Supplied data:
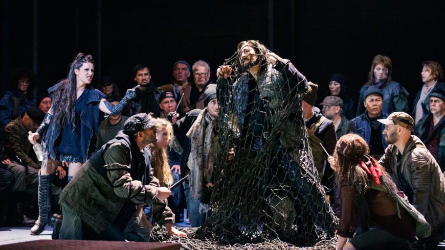 Gegen das Zeitphänomen der digitalen Entfremdung sind diese üppige Märchenoper und diese Produktion ein wunderbares Gegenmittel. Noch nicht allzu häufig, aber regelmäßig erinnern sich Theater inzwischen wieder an Engelbert Humperdincks neben „Hänsel und Gretel“ zweiten großen Erfolg „Königskinder“ in der Opernfassung für New York 1910. Das Experiment eines Melodrams mit in den Noten fixierten Sprechhöhen hatte sich im Münchner Nationaltheater 1897 als zu schwieriger Brocken erwiesen. Die Gänsemagd und der Königssohn überwinden in Elsa Bernstein-Porges’ Schauspiel soziale Schranken, scheitern aber an der im primitiven Vorteilsdenken befangenen Umwelt. Deshalb gehen beide zugrunde. Damit drängen in dieses Märchen auch immer wieder die Sozialmiseren vor 1914.
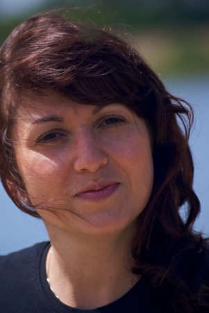 Nice girl with long red hair is standing on the background of a water surface. Portrait of a woman without retouching with her natural imperfections
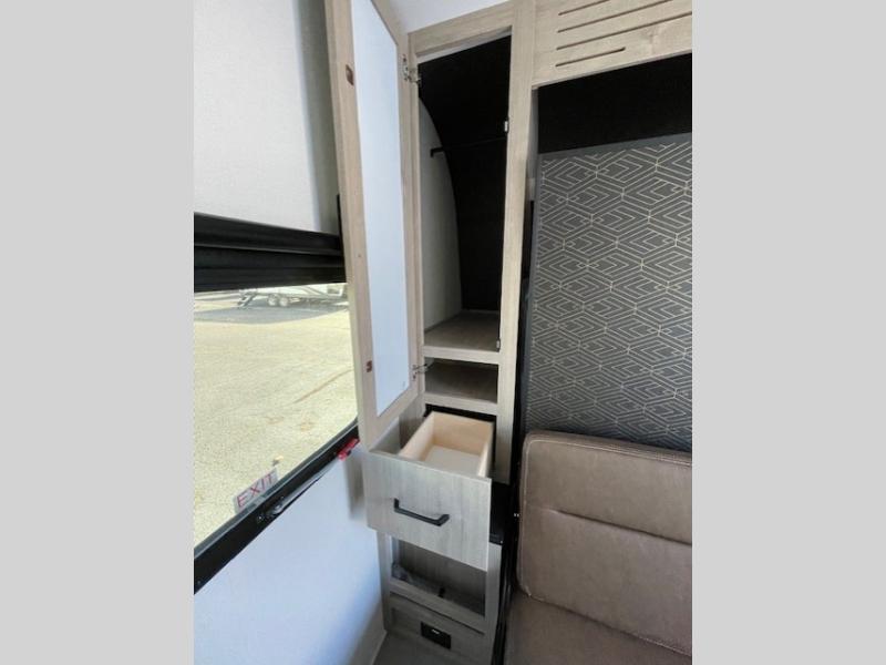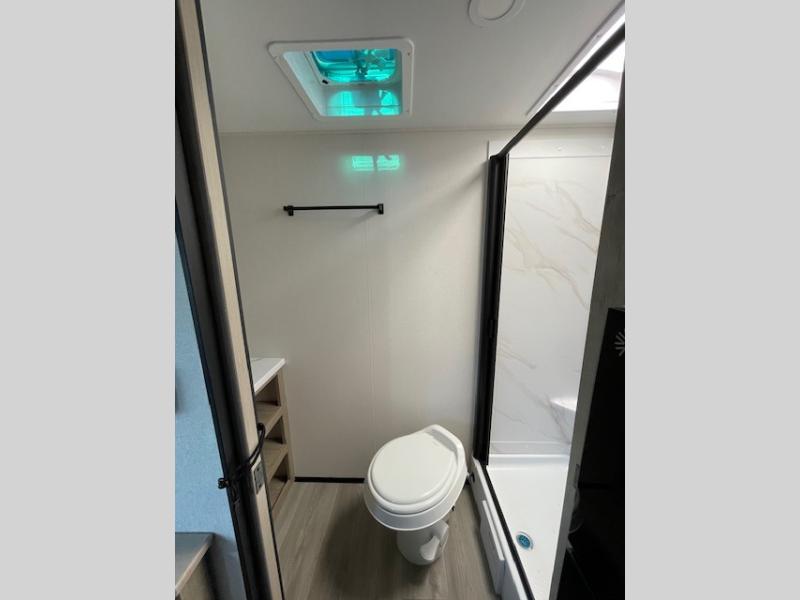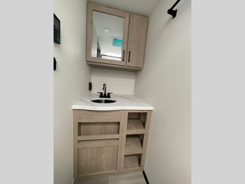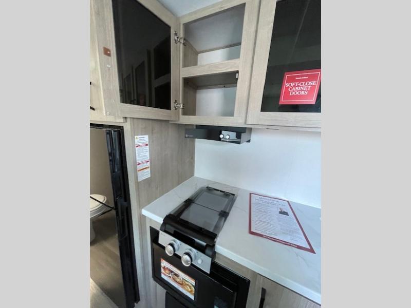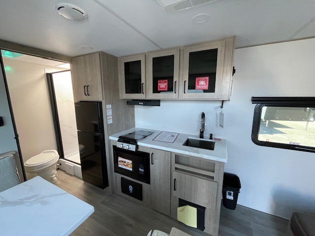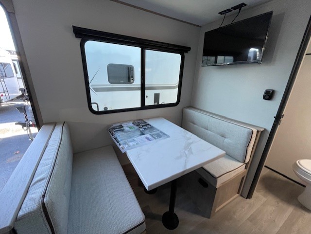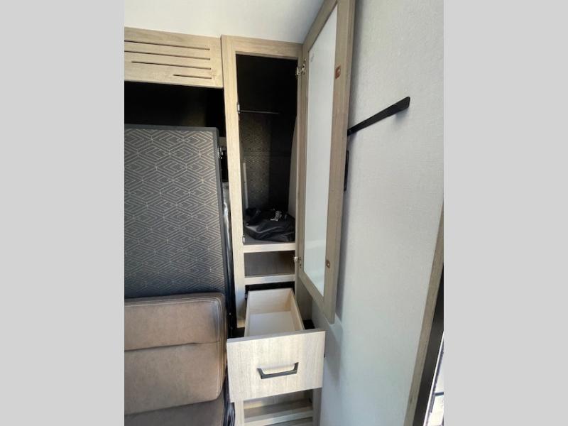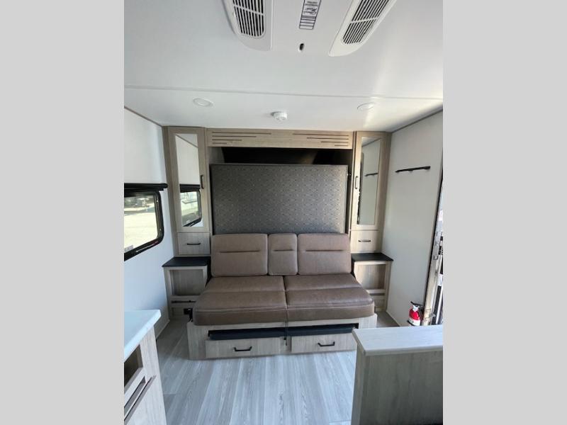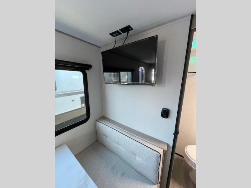 Start looking for your favorite campground to take this travel trailer to! After a fun day at the beach, you can rinse the sand out of your hair with the walk-in shower with a skylight in the full rear bathroom. Depending on what time you enter the unit will determine whether you see the Murphy bed or sofa with shoe storage underneath and wardrobes on either side of it. The booth dinette is not only great for enjoying meals prepared with the two-burner cooktop, but also for transforming into an extra sleeping space!

Problem description: Pictures stay out of this copy. Retype exactly the lines from the one with "Nice girl with" through the last line of the data, both ends included, and nothing more.

Solved problem:
 Nice girl with long red hair is standing on the background of a water surface. Portrait of a woman without retouching with her natural imperfections
 Start looking for your favorite campground to take this travel trailer to! After a fun day at the beach, you can rinse the sand out of your hair with the walk-in shower with a skylight in the full rear bathroom. Depending on what time you enter the unit will determine whether you see the Murphy bed or sofa with shoe storage underneath and wardrobes on either side of it. The booth dinette is not only great for enjoying meals prepared with the two-burner cooktop, but also for transforming into an extra sleeping space!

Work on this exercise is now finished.